V-Chips and Software Filters

The professional middle-class parents would have been the first to nudge me when Katie Couric reported on the RAND Corporation’s finding that watch­ing sexually explicit television programs is linked to teenage pregnancy.3 But these same parents are less likely than their less privileged peers to activate the V-chip on the television.4 They also differ in their use of filtering or blocking software on the computer.
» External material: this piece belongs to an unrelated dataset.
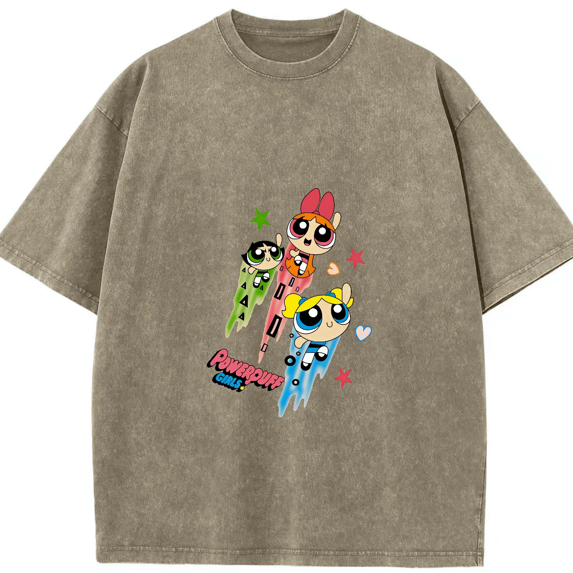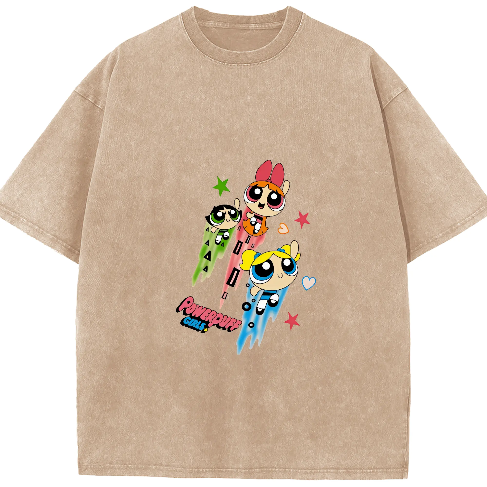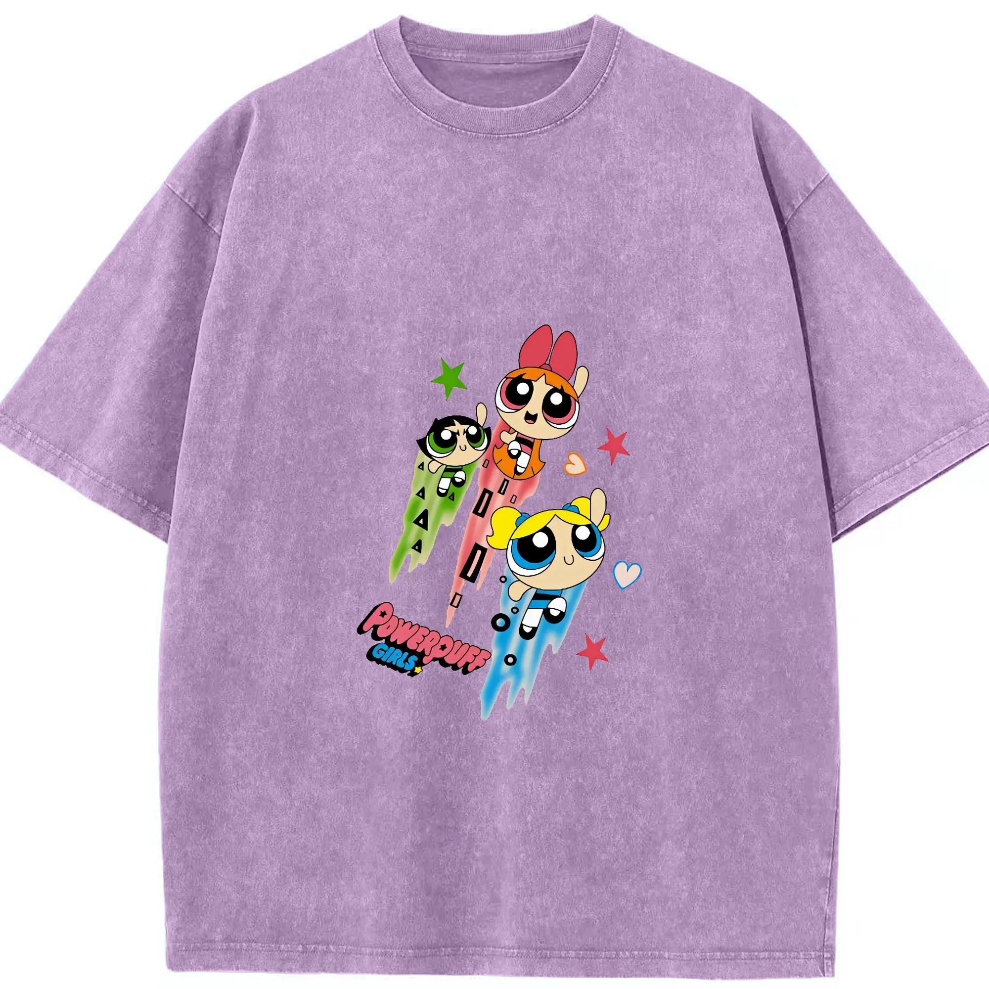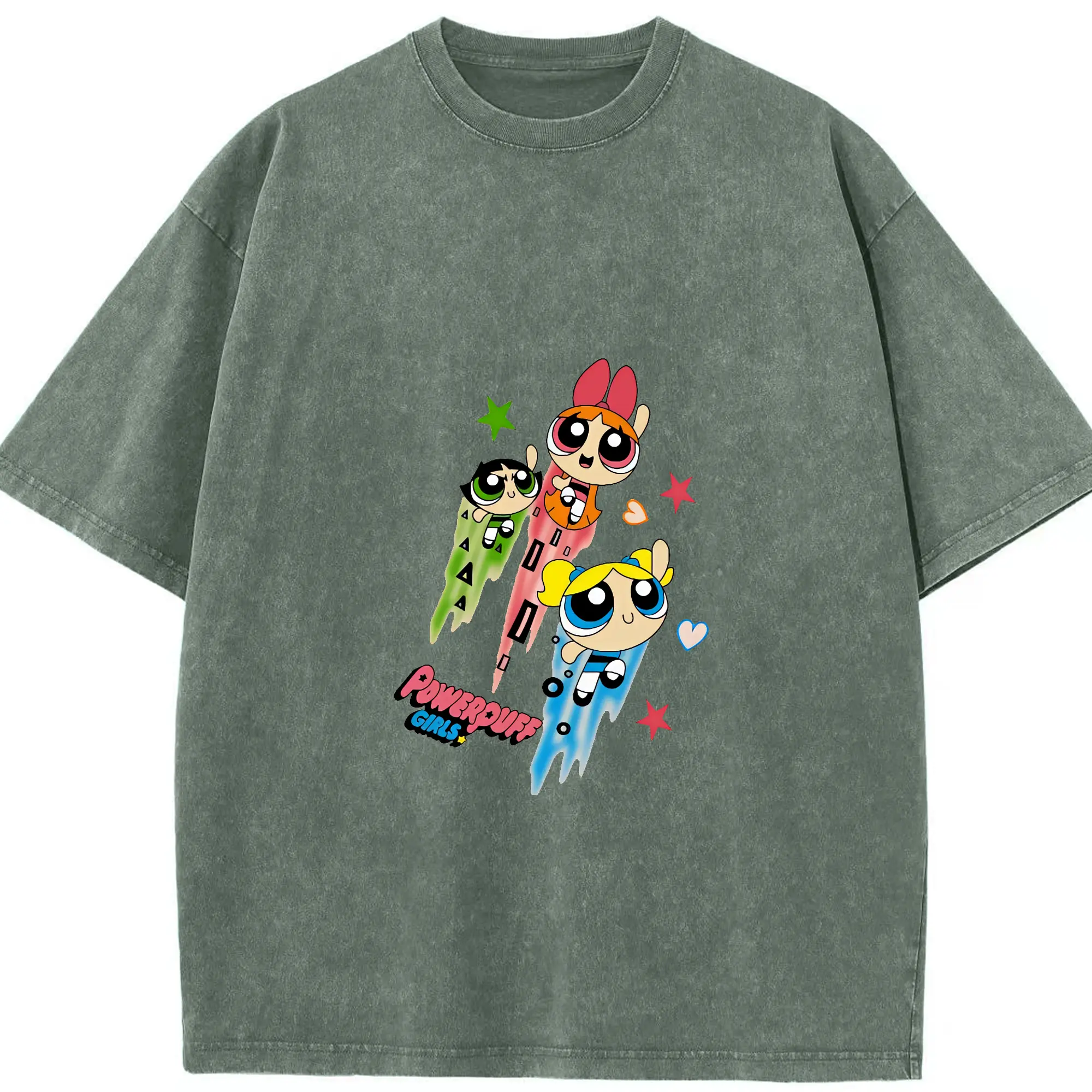 パワパフガールズ グッズ ブロッサム - 綿100% ヴィンテージ風 半袖Tシャツ ・ 背面プリント ・ 柔らか肌触り ・ 通気性 快適 ・ スポーツ カジュアル 外出用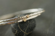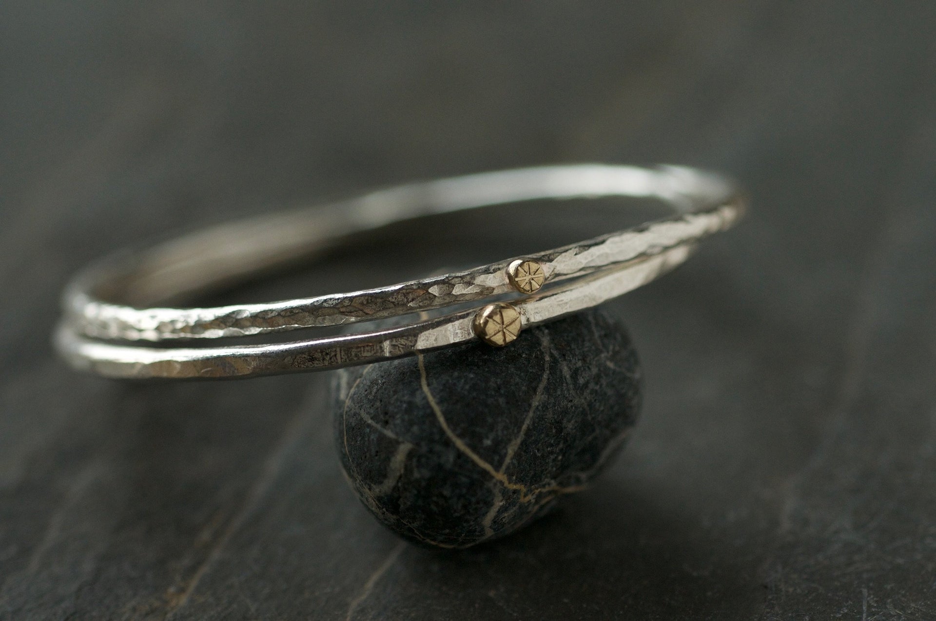 Each bangle is textured with Lucy's own Granddad’s old workshop hammers. The gold stars are formed from gold dust left over in the workshop, melted down and carved with a small star.

Nationwide, about a third of all parents do use this kind of software (with an additional 5 percent having done so previously but having discontinued its use within the past year).5 But as the sociologists Rong Wang, Suzanne Bianchi, and Sara Raley report, parents with lower levels of education are more likely to rely on filters than are those who are more highly educated.6 The same was true in the present study: whereas three-quarters of the working-class and middle-class parents were interested in a software filter on a computer in the home, only slightly more than half the professional middle-class parents expressed similar interest.7 These findings do not mean that the professional middle-class parents are unwilling to impose controls on the use their children make of computers. Nor do they indicate that parents are uninterested in monitoring what their children watch on television. To the contrary: they eagerly embrace hovering over and directing their children as they surf the Internet or watch television, ff owever, as with a child locator, these highly educated parents are far more willing than are those with fewer educational accomplishments to substitute their own control for the control created through technology.